I just feel like I'm walking away from everything I've worked for to let her go on living her comfortable life. All at my expense. I'm giving up everything and she's giving up nothing.


----------



## Conrad (Aug 6, 2010)

BeachGuy said:


> No. Nothing. She's more willing to go through a divorce she doesn't want than to do anything she doesn't want to do, like get a job or work on our marriage. It's really sad.
> 
> I just feel like I'm walking away from everything I've worked for to let her go on living her comfortable life. All at my expense. I'm giving up everything and she's giving up nothing.


Do you have any idea what the settlement will contain?


----------



## Mavash. (Jan 26, 2012)

Still focused on her I see.

What about what you want?

Yes in a perfect world she'd morph into a good wife but if she hasn't done it in 20 years she's not going to do it now.

Btw she stopped putting forth effort because she senses your weakness.

She knows you aren't going anywhere therefore she doesn't have to DO anything.


----------



## BeachGuy (Jul 6, 2011)

Conrad said:


> Do you have any idea what the settlement will contain?

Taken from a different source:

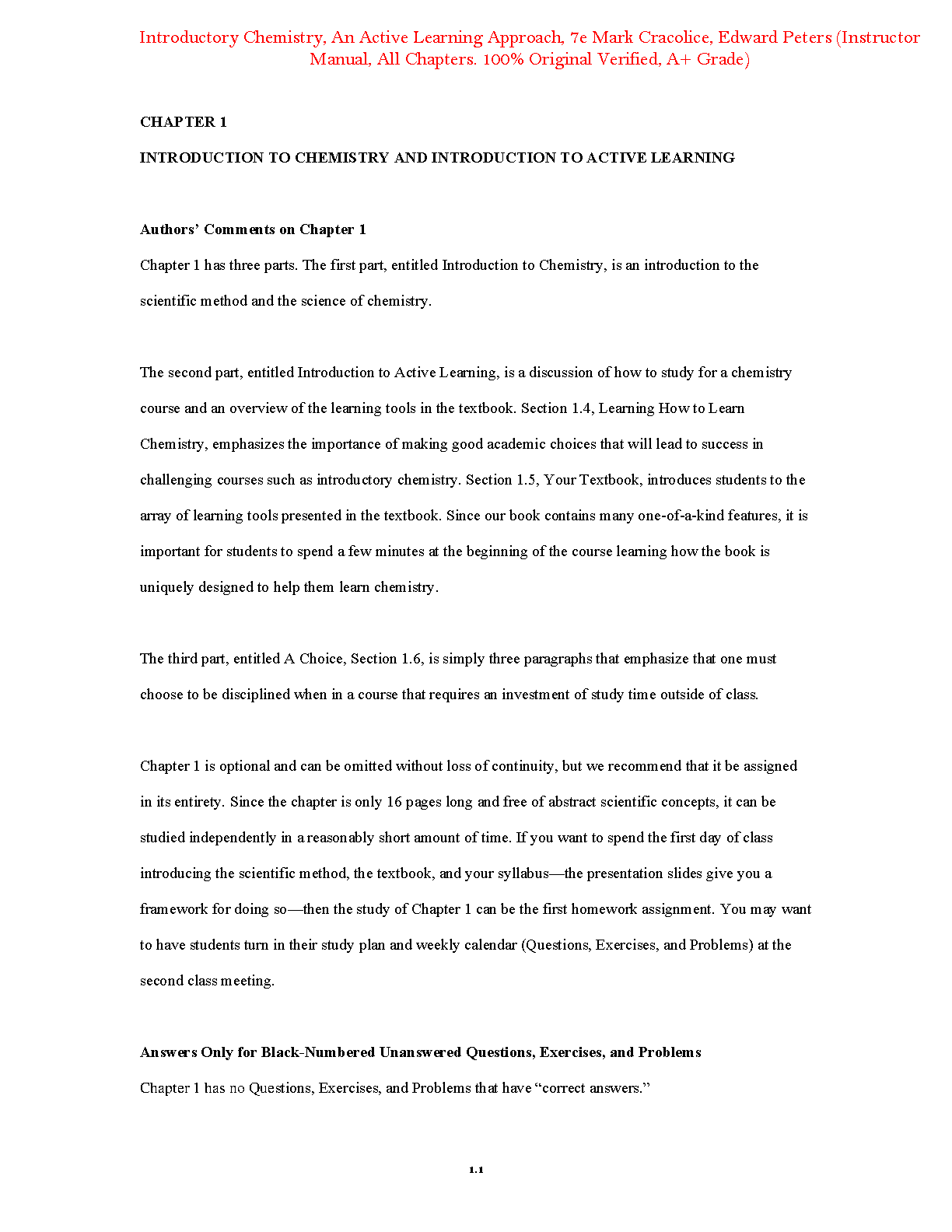 This file is a valuable resource for students enrolled in introductory chemistry courses using the textbook "Introductory Chemistry: An Active Learning Approach" by Mark Cracolice and Edward Peters. It provides a comprehensive introduction to the key concepts of the first chapter, covering the scientific method, active learning strategies, and the importance of making informed academic choices.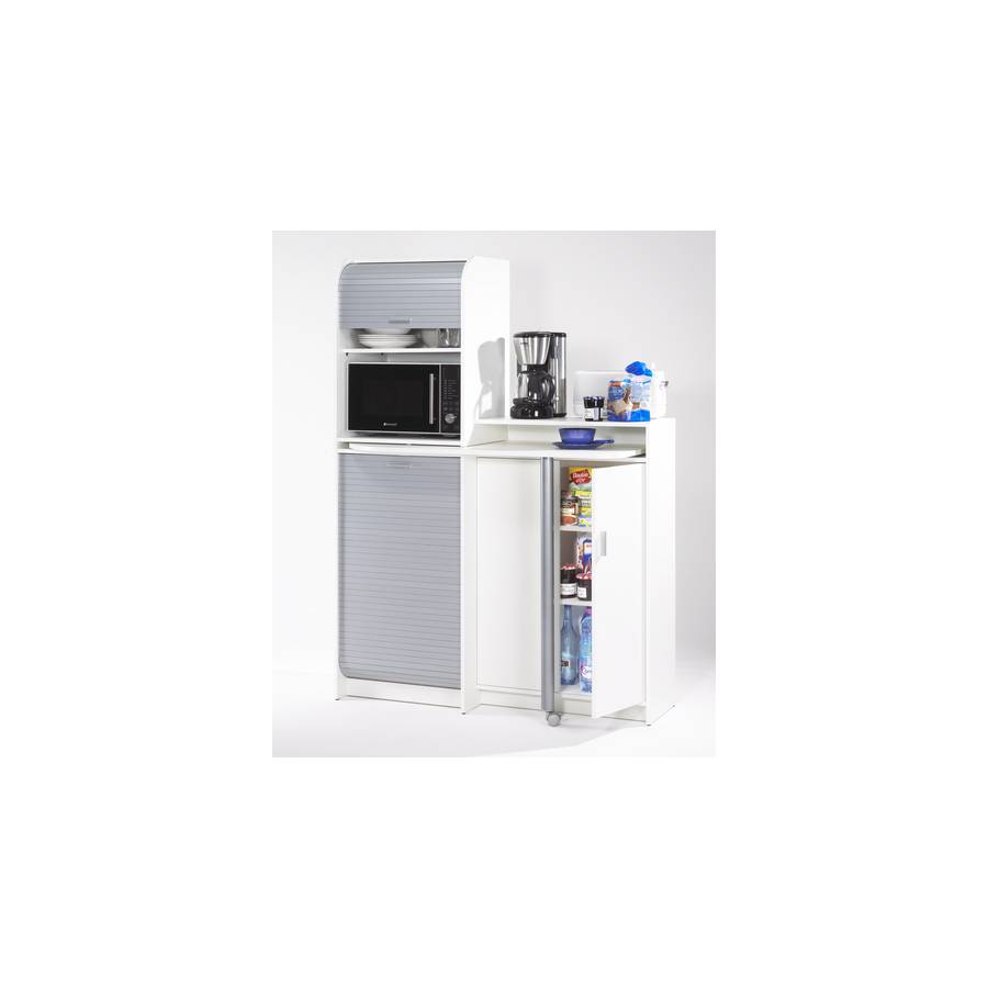 Meuble snack finition unique corps blanc et rideau argenté. Polyvalent et compact, il sera votre nouvel allié du coin café ou lors de votre pause déjeuner. Ouvert, partiellement fermé ou totalement clos, il conservera votre micro-ondes, votre machine à café, ainsi que les dosettes et tout ce qui vous permettra de faire une pause snack. Le plateau coulissant de 58 x 76 cm accueille la pause-café et déjeuner, et peut être...

Not specifically. In their only reply it said things like an "unequal distribution of assets", life insurance with her as beneficary, etc. Standard stuff. Still waiting on their settlement offer to come back. But from everything I've read, heard, and discussed with lawyers...she's gonna come out good. 21 year marriage, hasn't worked in 15 years, blah blah.


----------



## BeachGuy (Jul 6, 2011)

Mavash. said:


> Still focused on her I see.
> 
> What about what you want?
> 
> ...


Not sure how you come to that conclusion. She has no idea I'm questioning my decision. And I would venture to say most couples that get divorced question their decision until it's done and over with. I told her I'm moving next month. I filed for the divorce. She's had to hire a lawyer. How do you figure she thinks I'm not going anywhere?

She didn't "stop trying"....she never started.


----------



## Mavash. (Jan 26, 2012)

BeachGuy said:


> I would venture to say most couples that get divorced question their decision until it's done and over with.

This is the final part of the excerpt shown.